TASK TO COMPLETE
Which lines run from the one containing "Elevate your style" through the end of the data? Write them out exactly, with the pictures left out.

COLLECTED MATERIAL
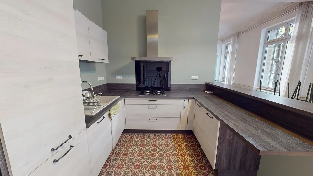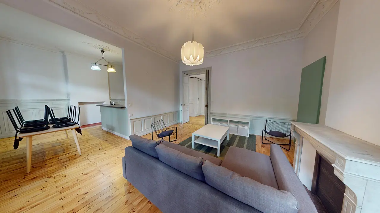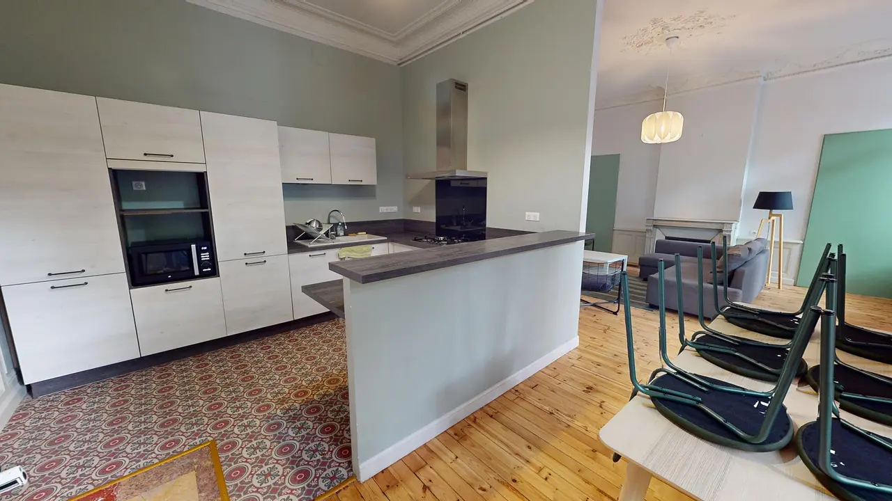 La colocation, spacieuse, propose une belle pièce de vie lumineuse meublée avec canapé d'angle, table basse, meuble TV et fauteuil. L'espace cuisine, entièrement équipée (four, plaques de cuisson, hotte, micro-ondes), comporte de nombreux rangements, plan de travail et mange-debout. Une table à manger 6 places est aussi installée.
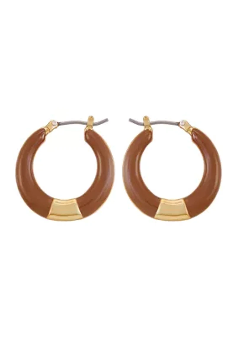 Elevate your style with these stunning earrings from Vince Camuto, designed to add a pop of color to any look. Crafted from luxurious gold-tone metal, these hoops offer a fun pop of pink, making this classic hoop modern and perfect for any girls' night. Click top closure Imported Material Gold-tone metal
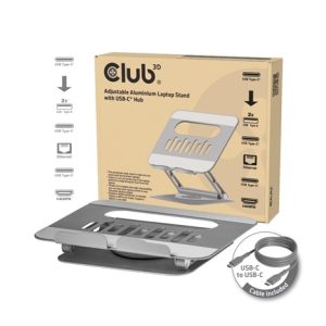 SALEClub3D Nastavitelný hliníkový stojan pro notebook s USB-C hubem na 2xUSB, 1xHDMI, 2xUSB-C, 1xRJ45, 360°, 100W, 4K60Hz

PROBLEM SOLUTION
 Elevate your style with these stunning earrings from Vince Camuto, designed to add a pop of color to any look. Crafted from luxurious gold-tone metal, these hoops offer a fun pop of pink, making this classic hoop modern and perfect for any girls' night. Click top closure Imported Material Gold-tone metal
 SALEClub3D Nastavitelný hliníkový stojan pro notebook s USB-C hubem na 2xUSB, 1xHDMI, 2xUSB-C, 1xRJ45, 360°, 100W, 4K60Hz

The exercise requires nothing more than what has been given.